-
Notifications
You must be signed in to change notification settings - Fork 4.4k
vulkan pipeline cache
ncnn has a pipeline cache for vulkan pipeline creation. It avoids creating the same shader module, descriptor set layout, pipeline layout, compute pipeline and descriptor update template repeatedly inside one process.
Creating vulkan compute pipelines may also be expensive because the driver has to translate spir-v to device-specific code. The first model load or first inference may therefore have visible latency.
ncnn can save reusable spir-v data and vulkan driver pipeline cache data to a single file, and load them in the next run.
vulkan pipeline creation cost depends heavily on the driver, the gpu and the shader. Some drivers compile quickly, while others may spend a lot of time in vkCreateComputePipelines().
The goal of the pipeline cache is
- reduce cold-start latency
- share one pipeline artifact among layers that request the same pipeline in one process
- reuse compiled spir-v for builtin ncnn shaders
- feed driver pipeline cache data back to vulkan
- reject stale cache data strictly when shader, platform, gpu or driver changes
The cache is only a performance optimization.

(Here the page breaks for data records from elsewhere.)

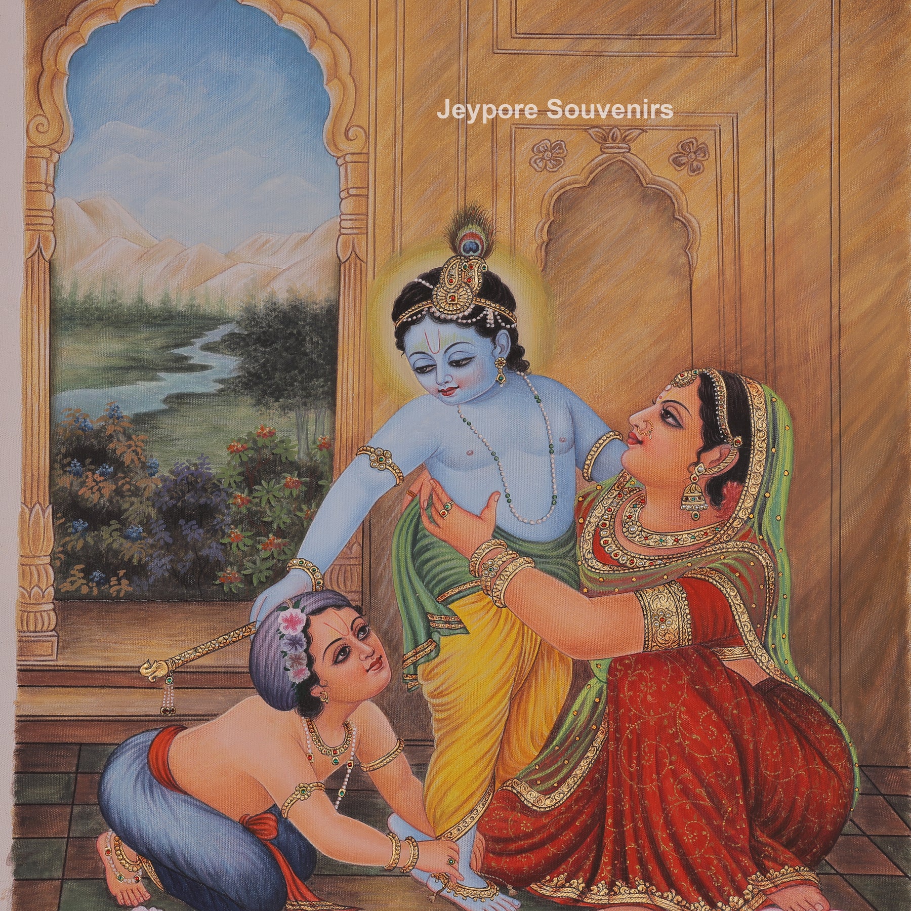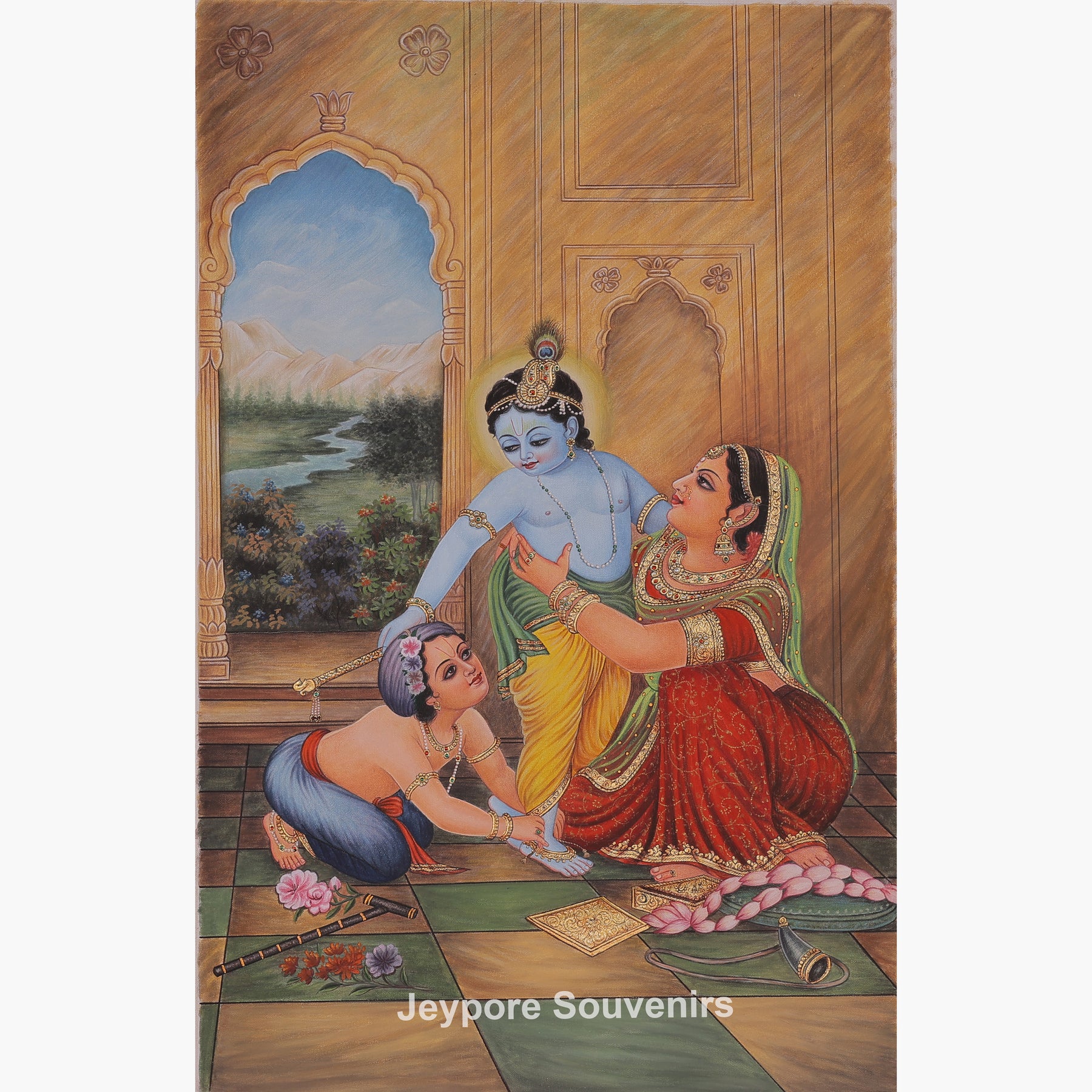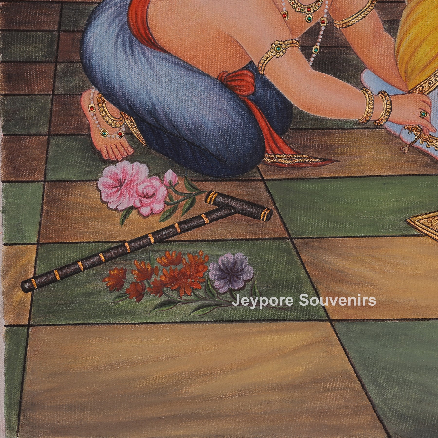 This hand-painted canvas painting artwork shows a loving indoor scene with child Krishna and Mother Yashoda. Krishna is standing gently while Mother Yashoda is holding him with care and affection. Another woman is sitting near Krishna’s feet, helping and attending to him lovingly. Krishna is shown with a soft blue skin tone and simple ornaments, while the women wear beautiful traditional clothes and jewelry. Inside the room, you can see patterned flooring, a window opening to nature, and small objects like flowers and a flute on the floor. The painting shows care, love, and a warm family moment in a peaceful traditional setting.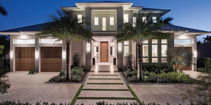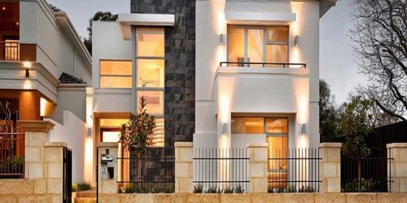 Modern House Design Modern design dream house with exposed brick stone pillars ,dark window frames around the large glass windows […]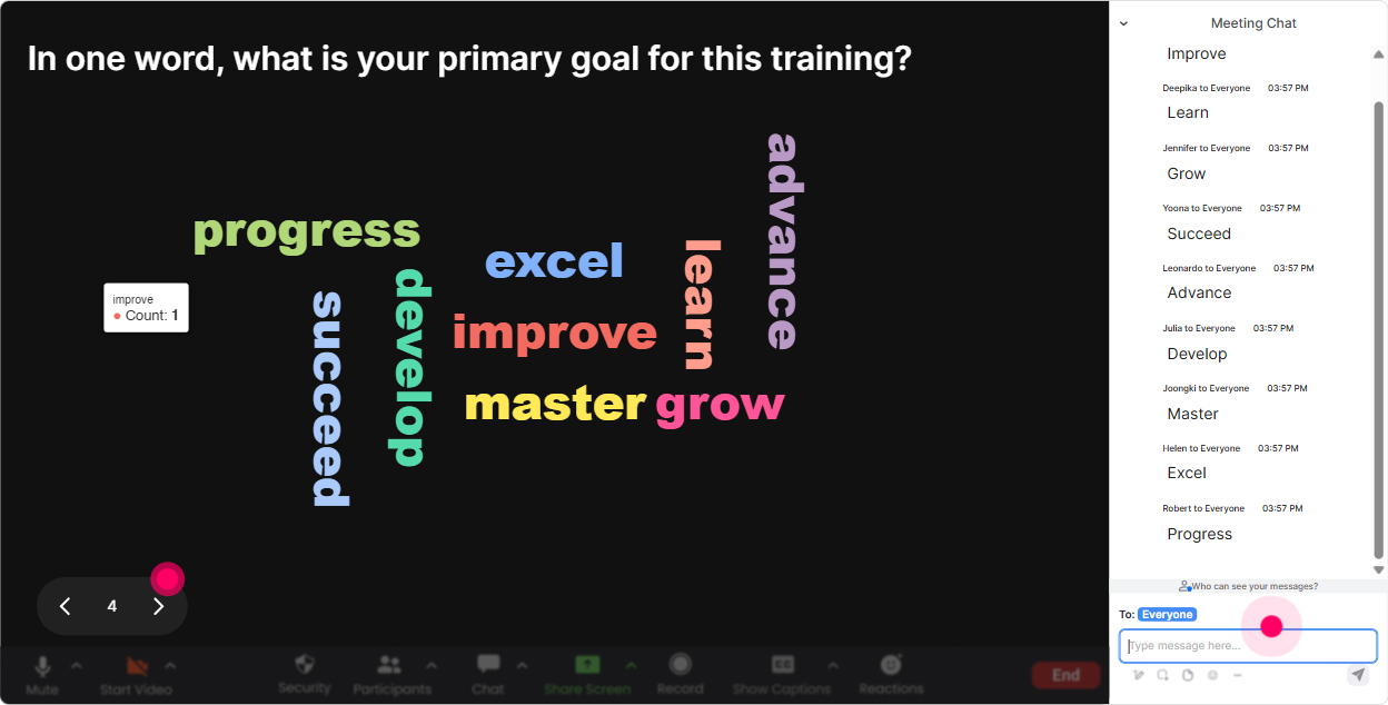 Sometimes you need someone to unmute, share a use case, or answer a question-but asking for volunteers can turn into crickets. Winner Wheel fixes that by making it playful and fair. You can spin from people who participated in a specific interaction (so it rewards engagement), or based on chat activity. Ways to use it in Vibe Coding training: - Pick a prompt reviewer: Im going to spin the wheel-winner reads this prompt out loud and tells me what theyd improve. - Choose a use-case spotlight: Wheel time. Winner shares their agencys most common client request in 15 seconds. - Reward participation: Anyone who answered the word cloud is eligible-winner gets my Vibe Coding prompt cheat sheet. Trainer tip: Make the stakes small but fun (template, checklist, shout-out). The real goal is: more chat activity, more attention, more energy.

Loading failure should be treated as cache miss. ncnn will rebuild the pipelines normally.
The ncnn vulkan pipeline cache has three parts.
live PipelineCache object
cache_digests -> keys for ncnn pipeline requests
cache_artifacts -> live VkShaderModule / VkPipeline / layouts
cache_spirv_entries -> compiled spir-v bytes for builtin ncnn shaders
vk_pipeline_cache -> VkPipelineCache object owned by vulkan driver
persistent cache file
ncnn cache header
spir-v cache section
vulkan pipeline cache blob
The live PipelineCache object is always used for pipeline creation. The cache file stores data that can speed up future pipeline creation, but it does not store live vulkan objects.

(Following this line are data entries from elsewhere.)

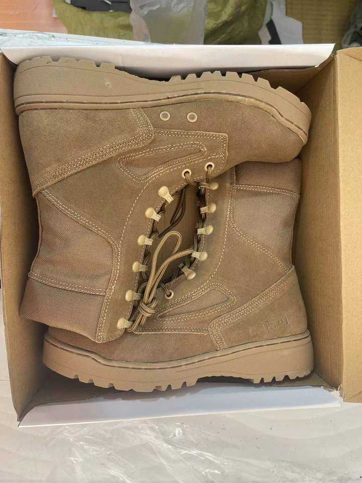 รองเท้าบูทยุทธวิธีโคโยตี้ DFT123ลามายสีน้ำตาลเข้มพร้อมพื้นรองเท้าทำจากยางอุปกรณ์เสริม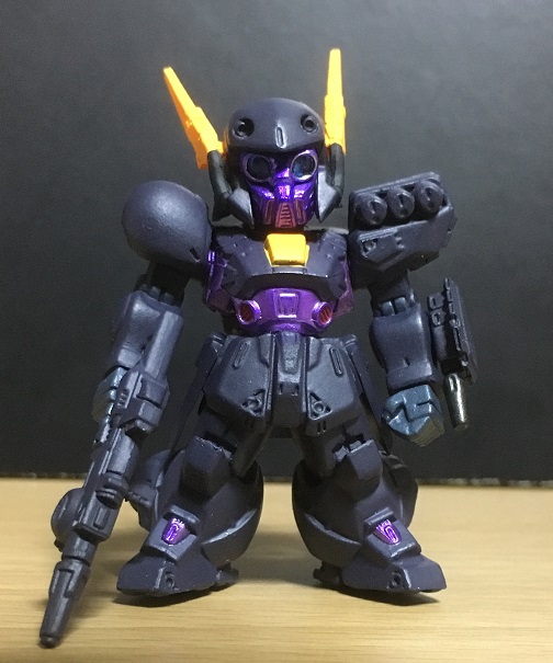 デナン・ゲーを始めとする「黒の部隊(ブラックバンガード)」仕様の機体ですが、外見は一般機とカラーリングが違うのみで、性能面でも違いは無いかと思われます。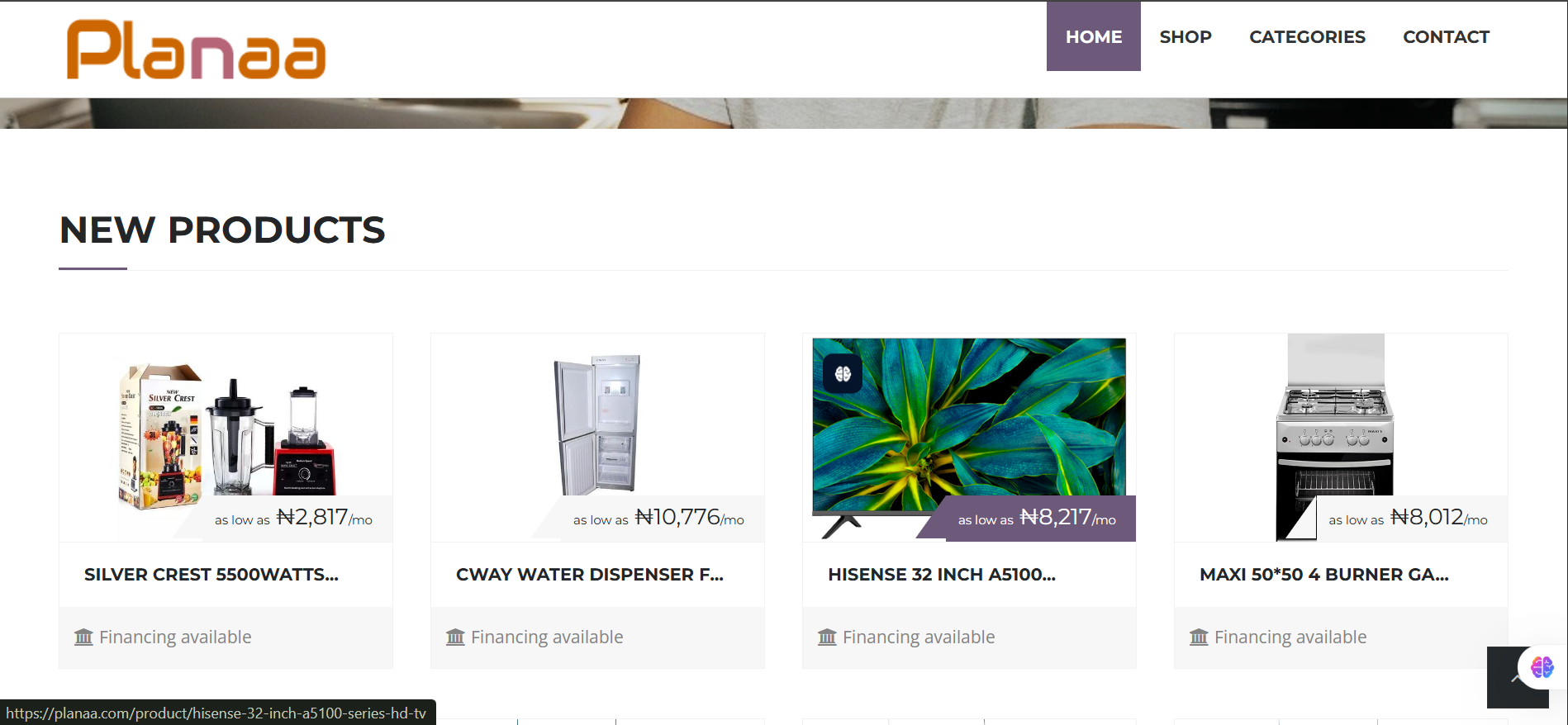 Planaa is Nigeria’s smart shopping and finance hub, a marketplace connecting buyers, sellers, and lenders. It enables users to shop, compare financing deals, and pay later with zero setup costs and low rates, while vendors handle shipping and banks manage payments.

PipelineCache keeps a digest for each pipeline request and stores the live vulkan objects created for it. When the same pipeline is requested again in the same process, ncnn reuses the cached artifact directly without calling vkCreateComputePipelines() again.
For builtin ncnn shaders, the digest is made from
- shader type index
- option bits that affect shader generation
- local workgroup size
- subgroup size
- specialization constants
For raw spir-v shaders, the digest uses the spir-v data hash instead of shader type index.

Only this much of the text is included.